Any Oregon employer who has not already prepared for full compliance by that date should begin planning now, given that the law applies to all employers in Oregon (except for the federal government), regardless of size.
The Equal Pay Act prohibits Oregon employers from paying employees who perform “work of comparable character” different pay rates because of their race, color, religion, sex, sexual orientation, national origin, marital status, veteran status, disability or age.
Employers are prohibited from seeking the pay history of an applicant or employee (whether from the applicant/employee or from a current or former employer of the applicant/employee) before the employer makes an offer of employment to the prospective employee that includes an amount of compensation.
The law does allow for different pay for comparable work if the pay rates are based on one or more of the following factors: seniority, merit, education, workplace location, travel requirements, training, and experience.
In addition, a pay system that measures earnings by the quantity or quality of work, such as piece-rate work, is allowed.
“Work of comparable character” is defined by the statute as work “that requires substantially similar knowledge, skill, effort, responsibility and working conditions in the performance of work, regardless of job description or job title.”
Employers may not reduce the compensation of any employee in order to comply with the law. Further, employers will be required to post notices about the law. The Bureau of Labor and Industries (BOLI) has made a template available to employers.
An employee who brings a successful claim under this new law could be awarded two years’ back pay, compensatory damages, punitive damages, and attorneys’ fees.
The law expressly permits employees to bring claims not only on their own behalf, but on behalf of a class of similarly situated employees.

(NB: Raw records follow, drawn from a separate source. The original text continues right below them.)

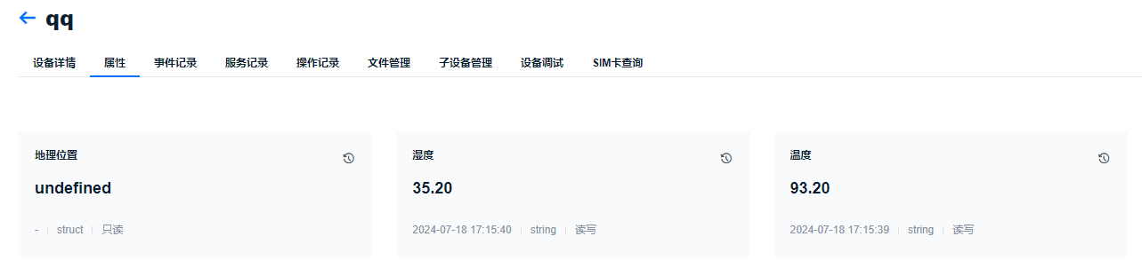 +在onenet的设备管理->属性中可以实时查看上传的数据,显示示例:
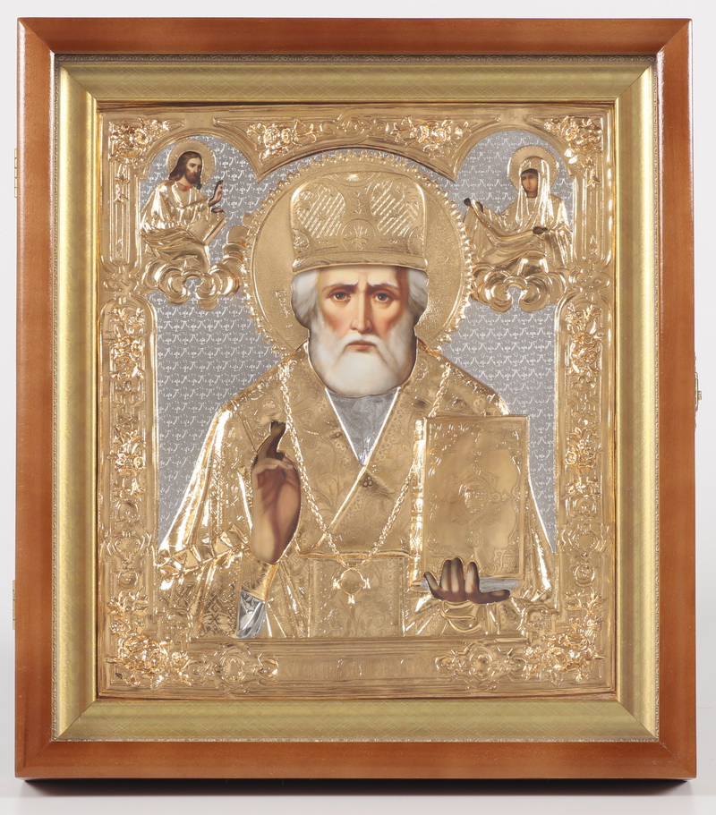 Икона фото в киоте 24х30 риза №111 золочёная, багетный подрамник Николай Чудотворец
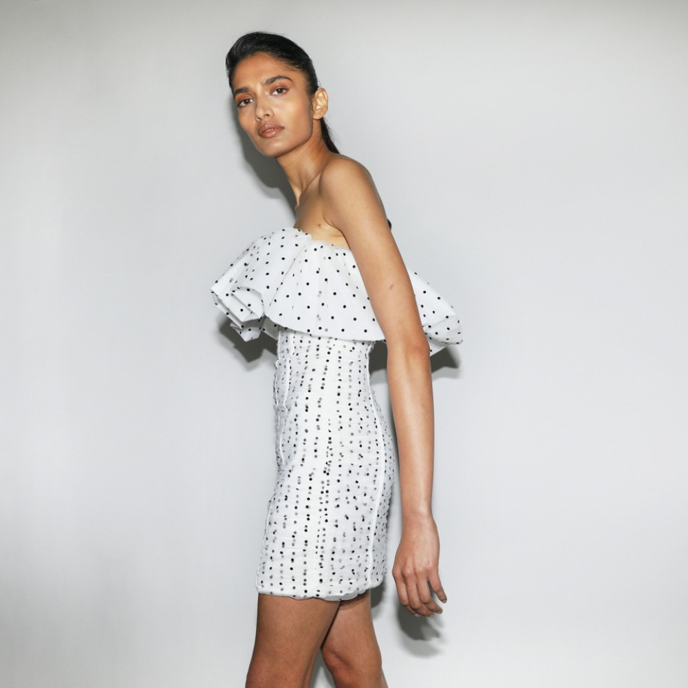 Planning ahead for a New Year’s countdown party? This Self-Portrait dress is a great pick with its exaggerated ruffle and all-over polka dot pattern. Keep the neckline bare and simply pair with earrings when it comes to accessorising.

An employer can avoid paying punitive and compensatory damages if it can prove that in the three years before an employee’s complaint is filed, the employer (a) completed an appropriate equal pay analysis (as described in the statute), (b) eliminated wage disparities for the complaining employee and (c) made reasonable and substantial progress toward eliminating wage disparities for the protected class.
It would, therefore, be a good idea for all employers to conduct such an analysis before January 1, 2019. In addition, employers should update their job application forms to remove any questions about compensation history.
Similar laws have been enacted in Washington, California, New York, Massachusetts, New Jersey and Maryland, as well as a number of cities.